Fr; Cette page est une présentation de la langue Bretonne, ainsi qu'une liste des articles sur le Breton pour faciliter la visualisation, si c'est ce que vous cherchez, cliquez ici :) - Si vous cherchez la version francaise de cette page, cliquez ici
En; This page serves as both an overview of the Breton language, as well as a place where articles about Breton are compiled for easy viewing, if you wish to access those, click here :)
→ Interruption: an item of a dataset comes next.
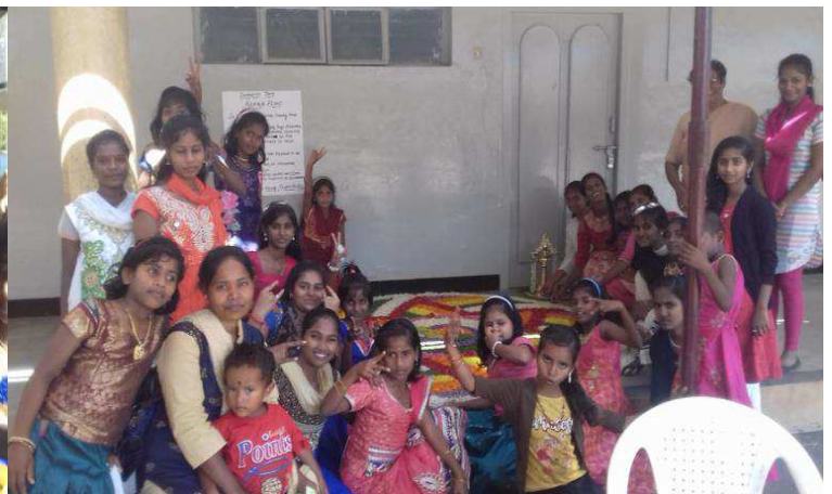
On the road for Onam celebration in Kerala

Breton (Brezhoneg; /bʁe'zɔ̃ːnɛk/, /brəhɔ̃'nɛk) is a Brythonic language spoken natively in the western half of Brittany, in France, with about 210,000 native speakers. However, the majority of these speakers are middle-aged or older and generational transmission is low, making this a severely endangered language, however there is a growing movement of people who are either going through schooling in Breton or are pushing for schooling through Breton in their locality.
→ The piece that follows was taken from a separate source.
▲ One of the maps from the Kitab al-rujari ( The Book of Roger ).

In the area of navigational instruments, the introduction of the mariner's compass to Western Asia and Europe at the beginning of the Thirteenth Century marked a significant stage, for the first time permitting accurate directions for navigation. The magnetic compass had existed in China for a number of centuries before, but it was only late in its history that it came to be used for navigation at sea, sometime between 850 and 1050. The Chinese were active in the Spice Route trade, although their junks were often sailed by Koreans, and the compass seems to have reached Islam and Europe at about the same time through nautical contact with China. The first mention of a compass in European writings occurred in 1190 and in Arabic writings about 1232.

The Breton language is traditionally divided into 4 major dialects, Vannetais (Gwenedeg), Cornouailliais (Kerneveg), Trégorrois (Tregerieg) and Léonard (Leoneg), however some linguists believe a North-West vs South-East divide is more accurate, with an additional central area of linguistic innovation. The differences between dialects are usually restricted to pronunciation and small vocabulary differences but it should also be noted that syntax and grammar can vary as well to a lesser degree. For example, one isogloss is the development of Middle Breton's zh sound (pronounced like th in "the", the Welsh dd sound, or the dh sound in Cornish), with some dialects turning it to z, others to h, some to d and a small minority retaining its original sound.